There have certainly been some more egregious stipulations that the Loft Board covers with the fig leaf
that it "neither accepts nor rejects the remaining terms of the stipulation of settlement." Indeed, there
have even been cases where the Loft Board rejects the stipulation outright as contrary to public policy.
However, this case has a cut-and-dried aspect this I find odious: I'll agree that you're the protected
occupant as long as you waive your right to contest the significant amount of money that I (probably
knowingly) overcharged you for the past seven or eight years.
In my view, the Loft Board should provide guidance to OATH judges to limit the nature of stipulations
that can be crafted to "settle" a case.
NOTICE
A party aggrieved by a determination of the Loft Board may file an application for recpnsideration of the determination. Under 29 RCNY § 1-07(b}, an aggrieved party must serve the reconsideration application on the affected parties to the prior proceeding. Service of the application shall be completed in accordance with 29 RCNY § 1-06. The aggrieved party must then file the application at the Loft Board's office along with proof of service and the required application fee. Under section 1-07(b}, "(t)o be considered timely, a complete reconsideration application must be received by the Loft Board within 30 calendar days after the mailing date of the determination sought to be reconsidered."
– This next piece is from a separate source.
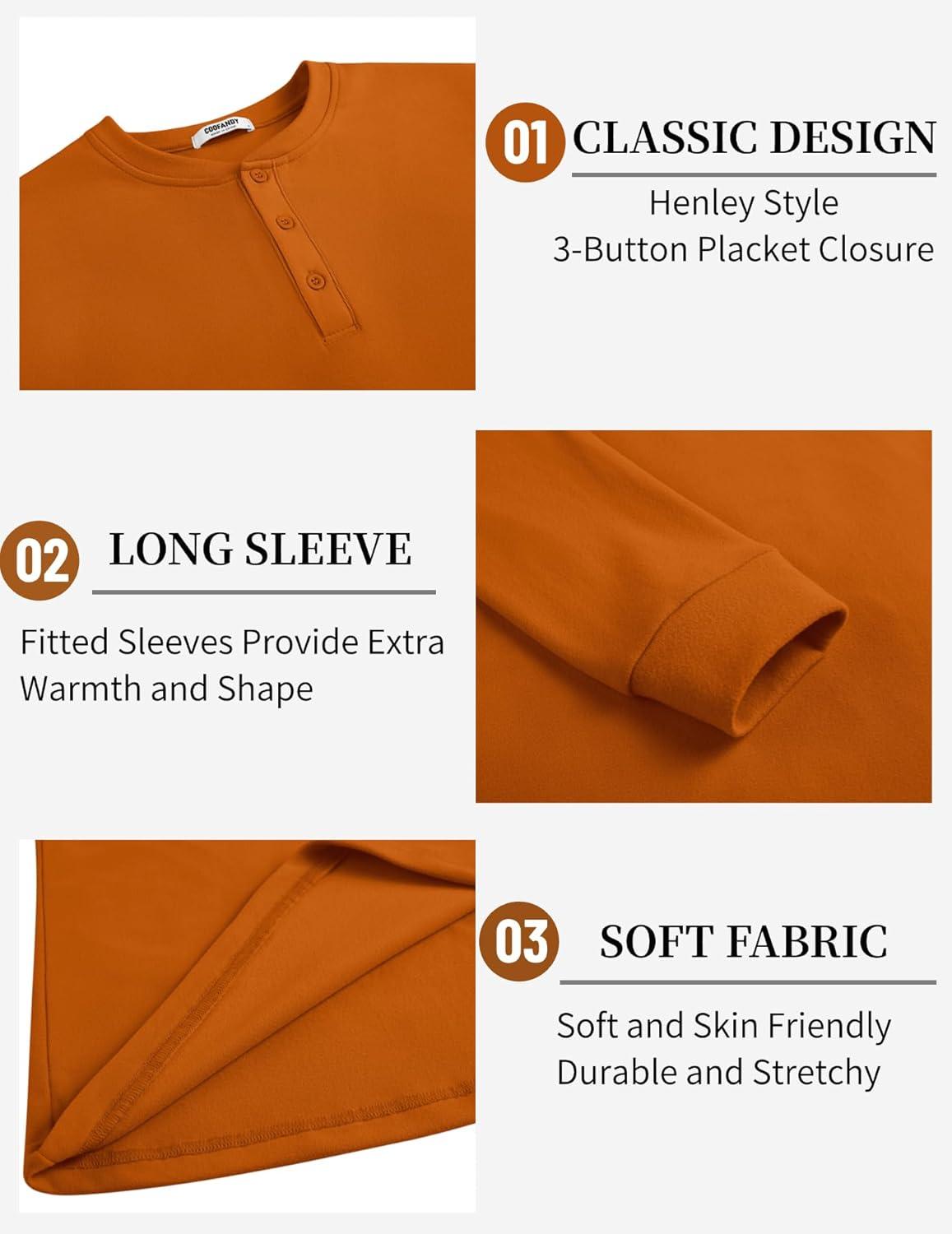 COOFANDY Men’s Henley T-Shirts Long Sleeve Pullover Shirt Casual Heavyweight Button Shirts Basic Tees(Caramel)

Pursuant to 29 RCNY §1-07(d):
A LoftBoard determination pursuant to section 1-06 if these rules shall be the final agency determination for the purpose of judicial review, unless a timely application for reconsideration of the determination has been filed. In such case, (i) if the Loft Board modifies or revokes the underlying order, such revocation or modification shall be deemed the final agency determination from which judicial review may be sought; (ii) if the Loft Board denies the reconsideration application, the underlying order shall be deemed the final agency determination; and (iii) if the Loft Board decided the reconsideration application by remanding the matter to the hearing officer for further proceeding, neither the underlying order nor the remand order shall constitute a final agency determination, and no judicial review may be sought until such time as the Loft Board issues a final agency determination following the remand.